An agent is just a loop with tools. Most product teams don't need a loop. They need a well-designed prompt. The cost of confusing the two is six months of debugging and a feature nobody trusts.
After this page, you’ll be able to:
- What the agent loop actually is — the mechanism, not the marketing
- What tool use means and what it costs (latency, reliability, cost)
- When a chain of prompts beats a full agent — the decision framework
- What a PM must spec before handing off agentic work to an engineer
- Observability in agentic systems — what to instrument and why
"Agents" became the dominant AI product narrative in 2025-2026. Every product roadmap has one. Most of them are either not agents (they're chains of prompts with if-statements) or are agents that shouldn't be. This page gives you the mental model to tell the difference — and to spec the ones that genuinely need to be agentic.
What an agent actually is
An agent is a system where an LLM iteratively decides what to do next, based on a goal, a set of available tools, and the results of previous actions. The loop:
- LLM receives a goal and current context
- LLM decides the next action (which tool to call, or whether to respond)
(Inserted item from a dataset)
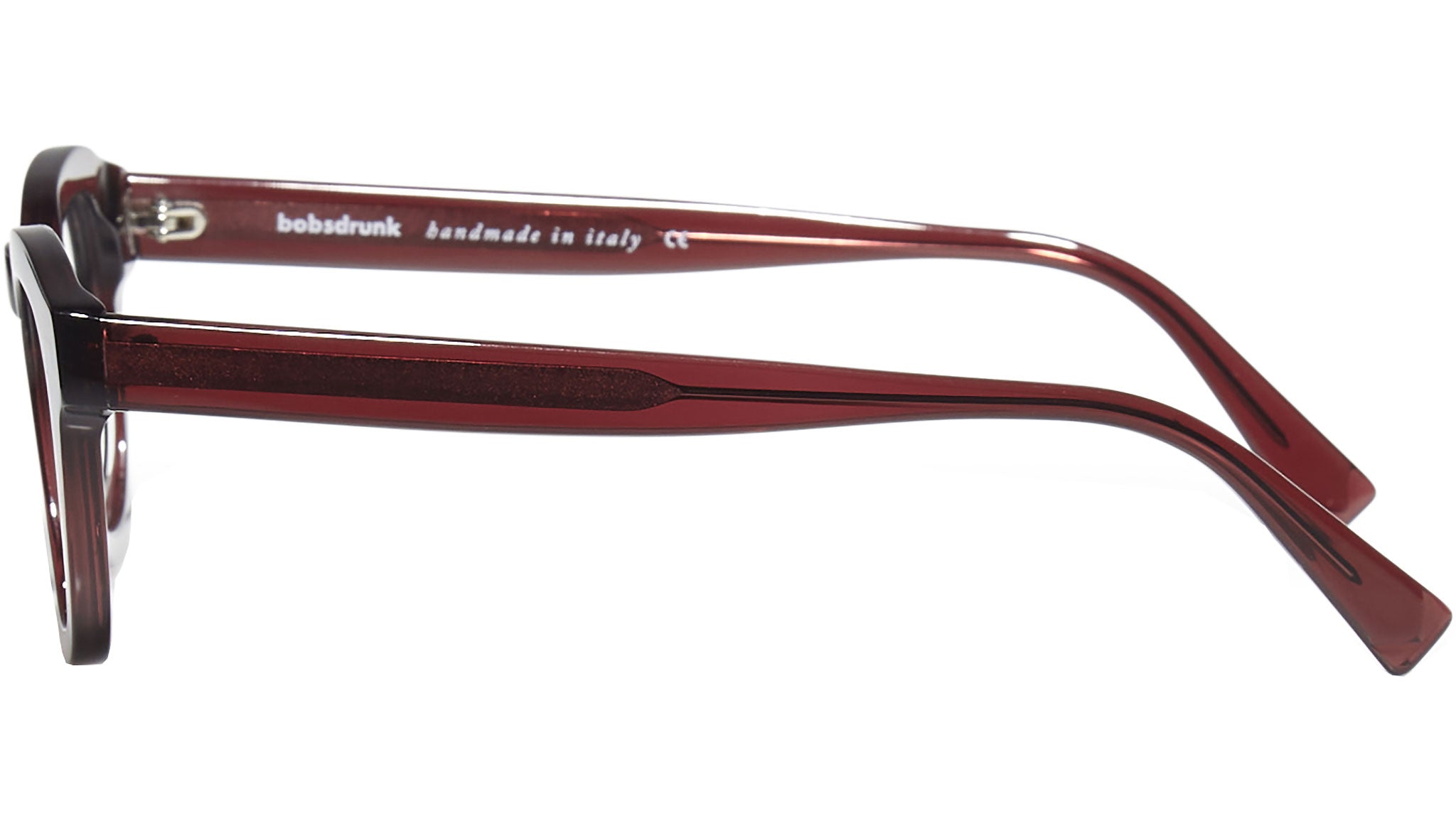 Montatura da vista Bobsdrunk Matt (46) codice colore 140 in tonalità borgogna trasparente. Prodotti senza tempo e forme audaci convivono in questa originale collezione Eyewear. Le linee sono disegnate con maestria, per creare un effetto di audace leggerezza. Ogni paio di occhiali Bobsdrunk è caratterizzato da un dettaglio emblematico, mostrato sulla parte anteriore e sulla punta delle aste, che evidenzia il valore del marchio. Rappresenta in un iconico simbolo l'unione della lettera iniziale e finale di Bobsdrunk. La scelta accurata dei materiali, la selezione dell'artigianalità e una costante ricerca cromatica sono le prerogative di ogni creazione di Bobsdrunk.

- Tool executes, returns result
- Result added to context
- Loop from step 2 until goal is reached or a stopping condition fires
The key property: the LLM controls the sequence. It's not a pre-defined pipeline where you call tool A, then tool B, then tool C. The model decides whether to call tool A or tool B first, whether to call tool C at all, and whether it has enough information to respond or needs to gather more.
This is genuinely powerful. It is also genuinely risky. The failure modes of sequential LLM pipelines are well-understood. The failure modes of open-ended agent loops are not — they depend on what the model decides to do, which you cannot fully anticipate.
Tools, tool use, and what they cost
A tool is a function the LLM can call. Standard tools include: web search, code execution, database query, API calls, file read/write, calendar access, email sending. In frameworks like LangChain, CrewAI, or Claude's tool-use API, tools are defined as typed function signatures that the model can invoke by generating a JSON object.
Tool use adds three costs:
Latency. Each tool call adds at minimum one round-trip (the LLM decides to call the tool, the tool executes, results return to the LLM). Complex agents with 5-10 tool calls per task have P95 latencies in the 15-30 second range. That is not acceptable for interactive UX. It may be acceptable for async background tasks.
Cost. Each LLM call in the loop charges tokens. A five-step agent that makes five calls costs roughly 5x the tokens of a single call. At GPT-4o pricing (~$5/1M output tokens), a complex agent task can cost $0.10-0.50 per invocation. At scale, this is material.
Reliability. Every tool call is a failure surface. The tool may return an error, a malformed result, or a result that confuses the model into a bad next step. Multi-step agent tasks compound failure probabilities multiplicatively. A task with ten steps that each succeed 95% of the time has a 40% chance of failing somewhere along the way. Agent reliability engineering is a real discipline; most teams underinvest in it.
When NOT to use an agent
This deserves its own section because the default in 2025-2026 is to overuse the agent pattern.
Don't use an agent if the task has a fixed, known sequence of steps. If you always retrieve documents, then summarize, then format — that's a pipeline. A pipeline is simpler to build, test, and debug than an agent. Use an agent only when the sequence of steps genuinely needs to vary based on what the model discovers.
An agent is not a pipeline with extra steps. A pipeline runs a fixed sequence; an agent lets the model decide the sequence. Use an agent only when the sequence genuinely needs to vary based on what the model discovers at runtime. If it does not, build the pipeline.
Don't use an agent if the task can be done in a single, well-crafted prompt. Many tasks that teams reach for agents to solve can be handled with a carefully structured prompt with structured output. Complex data extraction, multi-section document generation, analysis with embedded reasoning — all of these often work better with a single long-context call than an agent loop.
Don't use an agent for user-facing, synchronous interactions. If a user is waiting for a response, agent latency (typically 5-30 seconds for a non-trivial task) is a UX failure. Either pipeline the task, reduce the number of steps, or design the UX around async delivery (show intermediate results, allow the user to proceed while the agent works).
Don't use an agent if errors are catastrophic. Agents that write to databases, send emails, execute code, or make API calls in the real world need careful human-in-the-loop gates. An agent that can take actions with irreversible or high-cost consequences needs an approval step before execution. "The agent made a mistake and sent 5,000 emails" is not a recoverable product situation.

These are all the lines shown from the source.